Article
Identification of Variants Responsible for Monogenic Forms of Diabetes in Brazil
Registro en:
ABREU, Gabriella de Medeiros et al. Identification of Variants Responsible for Monogenic Forms of Diabetes in Brazil. Frontiers in Endocrinology, v. 13, Article 827325, p. 1 - 9, May 2022.
1664-2392
10.3389/fendo.2022.827325
Autor
Abreu, Gabriella de Medeiros
Tarantino, Roberta Magalhães
Fonseca, Ana Carolina Proença da
Andrade, Juliana Rosa Ferreira de Oliveira
Souza, Ritiele Bastos de
Soares, Camila de Almeida Pereira Dias
Cambraia, Amanda
Cabello, Pedro Hernan
Rodacki, Melanie
Zajdenverg, Lenita
Zembrzuski, Verônica Marques
Campos Junior, Mário
Resumen
Monogenic forms of diabetes mellitus may affect a significant number of patients of this
disease, and it is an important molecular cause to be investigated. However, studies of the
genetic causes of monogenic diabetes, especially in populations with mixed ethnic
backgrounds, such as the one in Brazil, are scarce. The aim of this study was to
screen several genes associated with monogenic diabetes in fifty-seven Brazilian
patients with recurrence of the disease in their families and thirty-four relatives. Inclusion
criteria were: Age of onset ≤ 40 years old, BMI < 30 kg/m², at least two affected
generations and negative anti-GAD and anti-IA2 antibodies. MODY genes HNF4A,
GCK, HNF1A, HNF1B, NEUROD1, KLF11, PAX4, INS, KCNJ11, and MT-TL1 were
sequenced by Sanger sequencing.
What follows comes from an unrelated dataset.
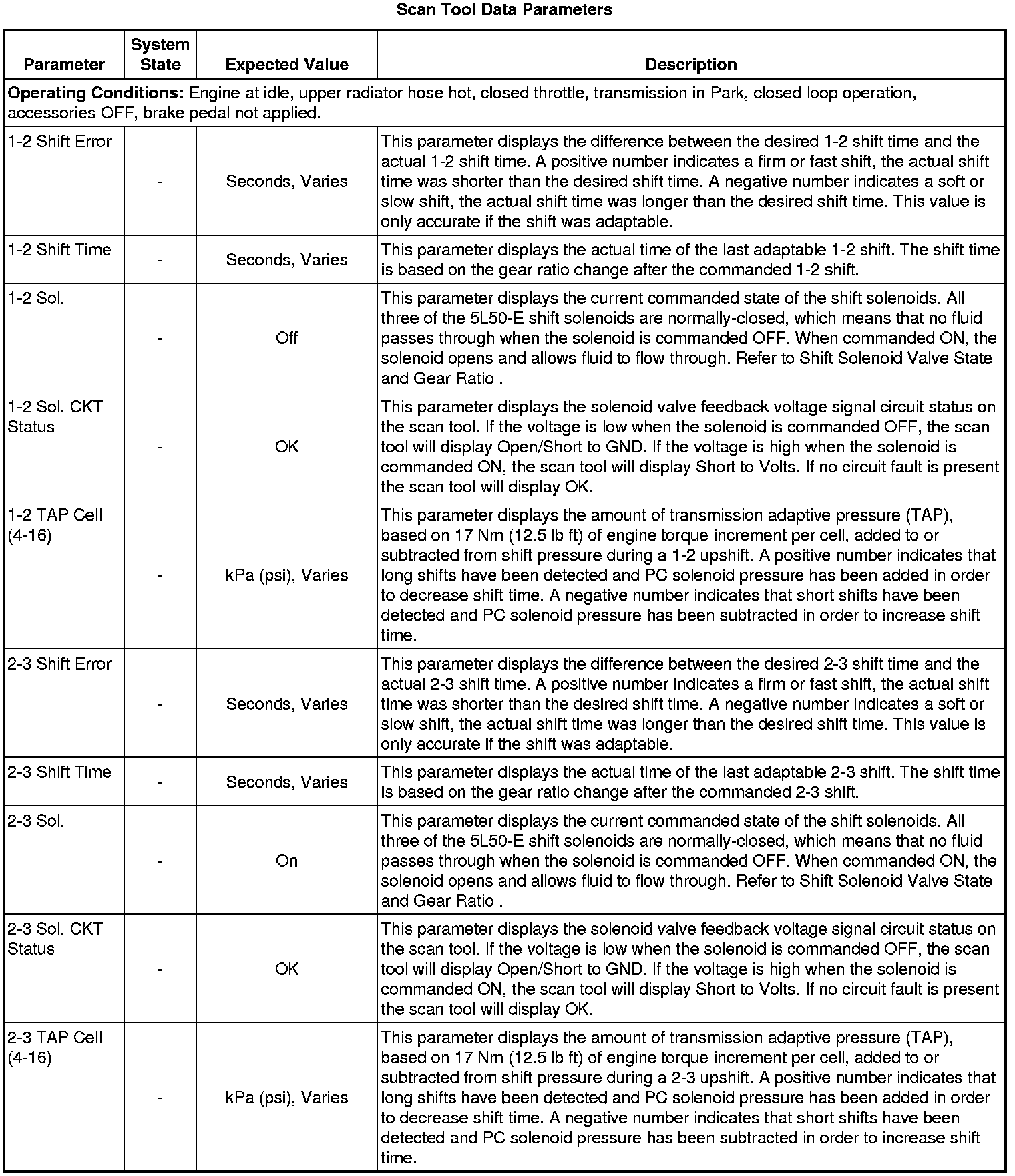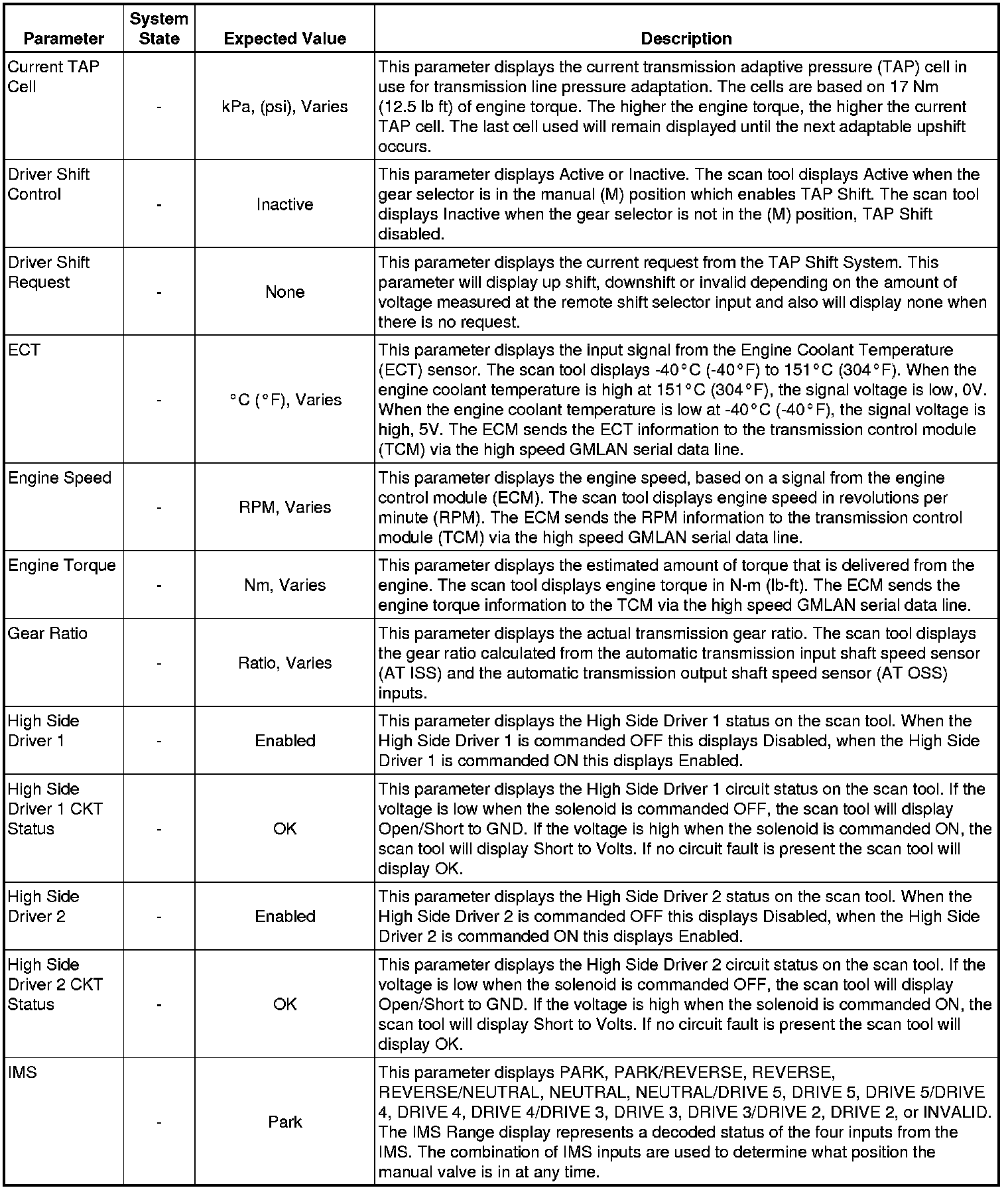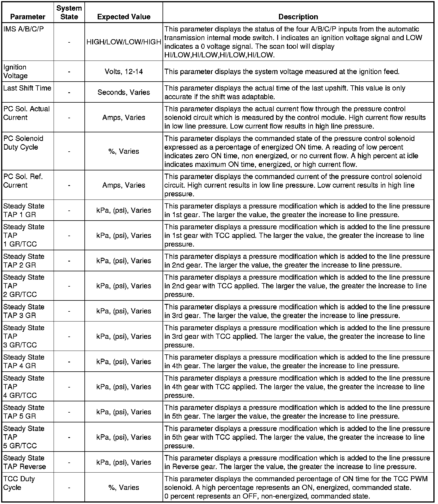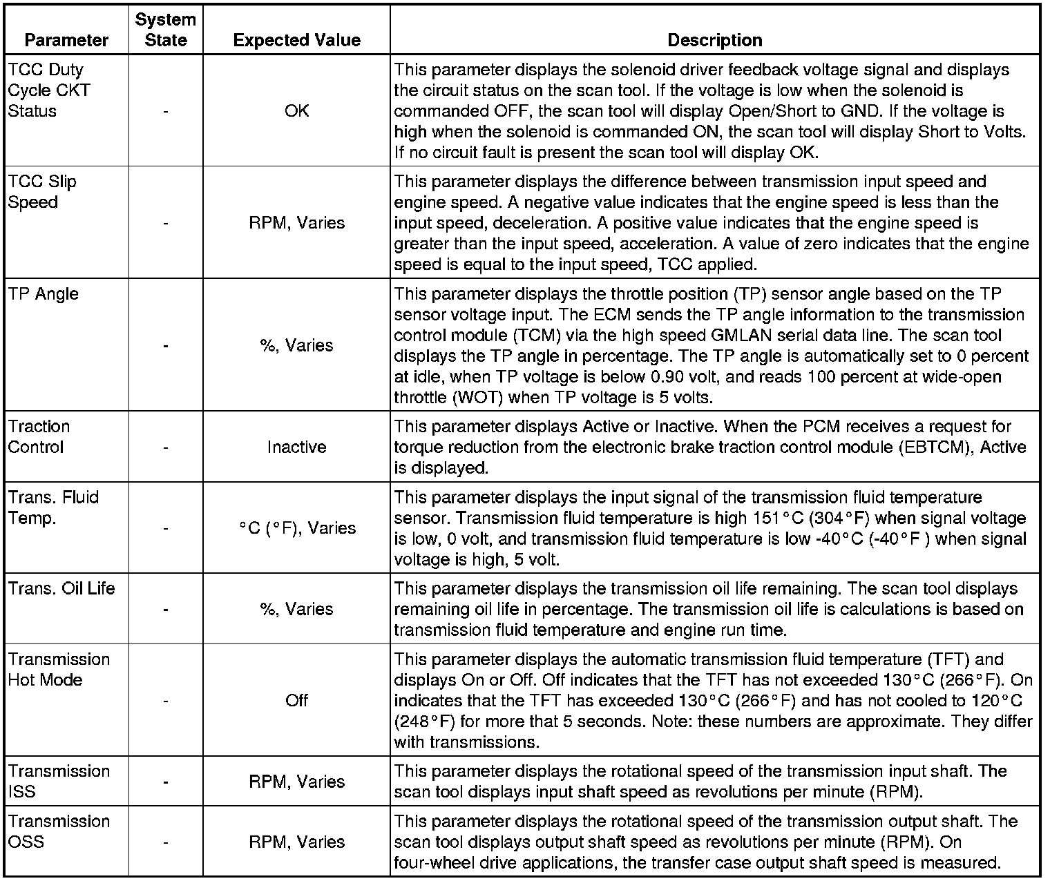 The Transmission Control Module Scan Tool Data List contains all transmission related parameters that are available on the scan tool. The list is arranged in alphabetical order. A given parameter may appear in any one of the data lists, and in some cases may appear more than once, or in more than one data list in order to group certain related parameters together.

We identified a total of 20 patients with variants, 13
GCK-MODY, four HNF1A-MODY, and one variant in each of the following genes, HNF4A,
HNF1B and MT-TL1. Segregation analysis was performed in 13 families. Four variants
were novel, two in GCK (p.(Met115Val) [c.343A>G] and p.(Asp365GlufsTer95)
[c.1094_1095insGCGA]) and two in HNF1A (p.(Tyr163Ter) [c.489C>G] and
p.(Val380CysfsTer39) [c.1136_1137insC]). Here we highlight the importance of
screening for monogenic diabetes in admixed populations.